EB: En principe, une promotion des skieurs est toujours intéressante pour nous. Sur les pistes, les gens continuent volontiers à boire du Rivella. Toutefois, la plupart des gens ne passent que quelques jours par an sur les pistes. Pour nous, il est donc aussi important d'être perçu comme une boisson non seulement d'été, mais aussi du quotidien.
SB: Nous utilisons davantage nos supports publicitaires pour les campagnes d'été. Il n'est toutefois pas si facile de trouver des ambassadeurs connus pour cela. Jusqu'à présent, la Suisse n'a pas encore produit beaucoup de grandes stars de la natation (rires).
EB: Si nous avions des fonds illimités à disposition, nous sponsoriserions volontiers Odermatt et l'équipe nationale de ski. Mais Red Bull a plus de moyens que nous.
Vous vous partagez la fonction de directeur depuis environ un an. Sur quelle décision y a-t-il eu des conflits?
SB: Nous ne sommes pas toujours d'accord, même loin de là. Mais nous sommes capables de reconnaitre que nous avons des avis divergents et de trouver des compromis.
EB: Même lorsque j'étais le seul directeur, je suis étroitement lié à mes collègues lors des prises de décision. En plus, j'avais déjà travaillé pendant douze ans avec Silvan. Nous savions donc que nous étions en bonne harmonie.
SB: Notre plus grande crainte était que l'entreprise devienne lente et que nous perdions notre spontanéité, car nous devions d'abord nous concerter en permanence. Heureusement, jusqu'à présent, cela ne s'est pas produit. Quand il ne s'agit pas de très grandes choses, c'est celui qui est sur place qui décide.
Magdalena Martullo-Blocher (UDC), une ancienne collaboratrice de Rivella qui connaît aujourd'hui un grand succès en tant qu'entrepreneuse, défend le credo suivant: «La responsabilité ne se partage pas.» Que pensez-vous de ce genre d'affirmations?
EB: Certaines personnes peuvent le faire, d'autres non. Avec Magda, cela ne fonctionnerait probablement pas.

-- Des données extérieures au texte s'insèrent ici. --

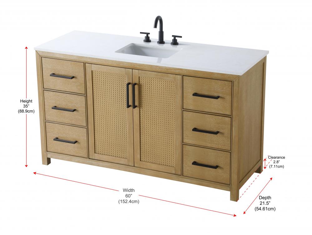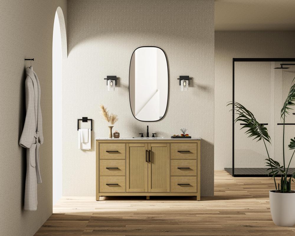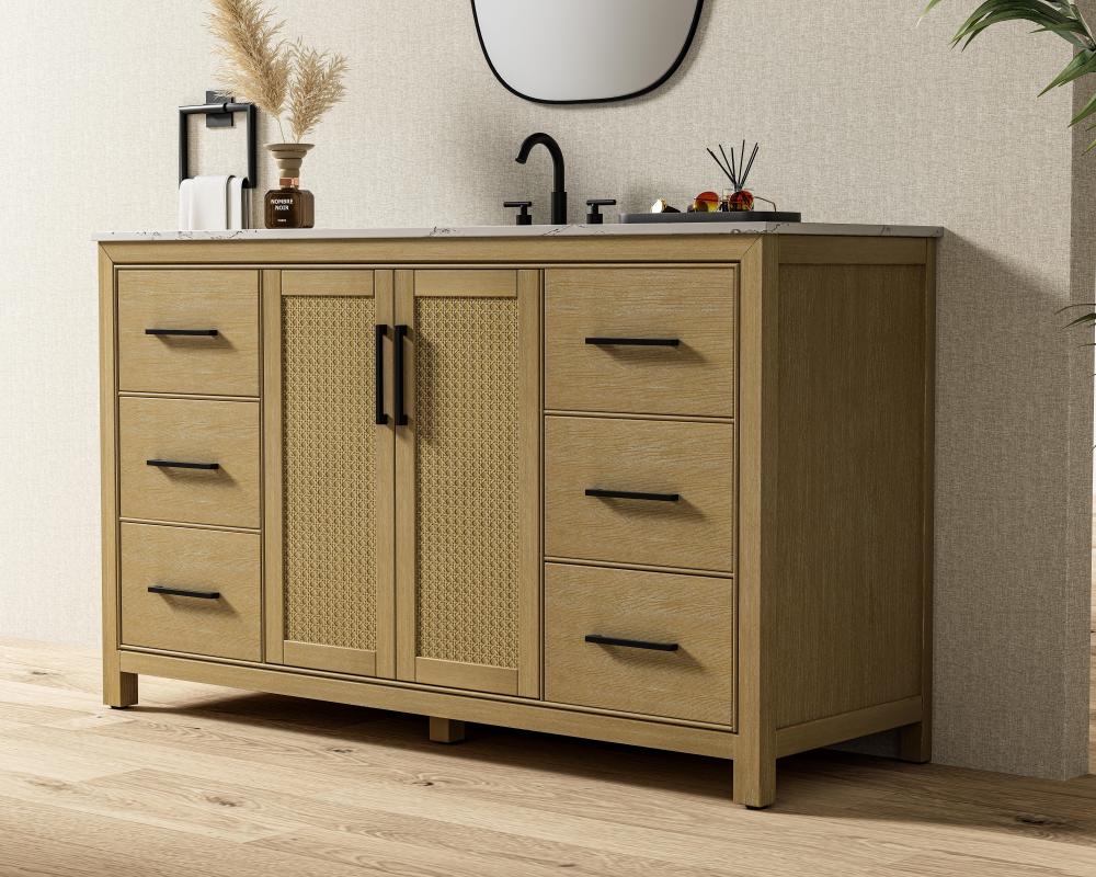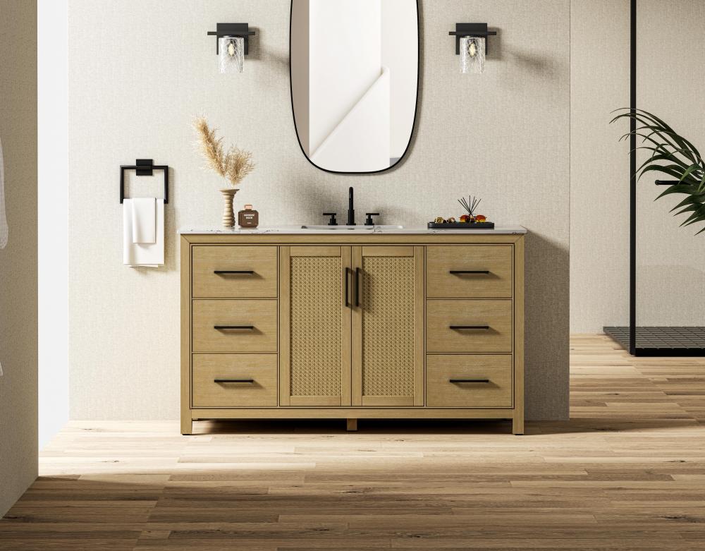 Perfect for those with an eye for detail and quality, this transitional vanity blends modern design with timeless elegance. Available in five stunning finishes, from Crisp White to Linen Oak, the wood grain visuals of the oak options bring warmth and character to any bathroom. The caning design on the Shaker-style door panels adds texture and a touch of refinement, while the soft-closing doors and drawers ensure smooth, quiet functionality. Topped with a white engineered marble countertop, the vanity offers both luxury and practicality, complete with pre-drilled faucet holes for customization. A concealed overflow and U-shaped shelf for plumbing make installation effortless, and the slender black metal pulls provide a sleek contrast.

C'est pourquoi, je n'accepterais pas non plus un poste de codirecteur général avec elle. Il ne s'agit pas de savoir si c'est bien ou mal. Ce que Magda fait avec Ems-Chemie est fantastique. Mais pour diriger une entreprise ensemble, certaines conditions doivent être remplies. L'une d'entre elles est que tout ne tourne pas autour d'une seule personne. Il faut en plus une confiance mutuelle et la volonté de discuter et de trouver un consensus en cas de divergences d'opinion. Magda résout ces choses différemment.
Vous parlez de «Magda». Connaissez-vous bien Mme Martullo-Blocher?
EB: J'ai étudié avec elle et j'ai ensuite eu de temps en temps affaire à elle pour des raisons professionnelles. De plus, sa sœur Miriam fait partie de notre conseil d'administration. Nous avons donc des points de contact avec la famille Blocher. Mais je ne partagerai pas pour autant le poste de directeur avec Magda. Cela ne fonctionnerait ni pour elle ni pour moi.
Rivella est considéré comme un employeur extrêmement progressiste, et pas seulement en raison de la double direction. Sur une plateforme en ligne, un collaborateur a écrit: «L'idée du profit/chiffre d'affaires ne semble pas, comme dans beaucoup d'autres entreprises, être au-dessus de tout». Etes-vous d'accord avec cette affirmation?
SB: J'y apporterais des nuances. Chez nous aussi, les chiffres sont très importants. Si nous prenons la mauvaise direction, nous finirons par ne plus exister. Nous devons en être conscients. Mais nous tenons à entretenir des relations très respectueuses avec nos collaborateurs. A la fin de l'année, nous n'allons pas nous lancer dans un quelconque exercice pour économiser encore quelques francs.
EB: Il est aussi dans notre propre intérêt d'être un employeur attractif. Nous sommes chez nous à Rothrist, pas à Bâle ou à Zurich. Nous devons donc proposer quelque chose pour que les bonnes personnes viennent chez nous.
SB: Le président du Conseil d'administration Alexander Barth et sa famille jouent un rôle important. Ils se sentent engagés envers leurs employés, et le personnel le ressent. C'est pourquoi, la plupart de nos collaborateurs disent qu'ils travaillent pour la famille Barth.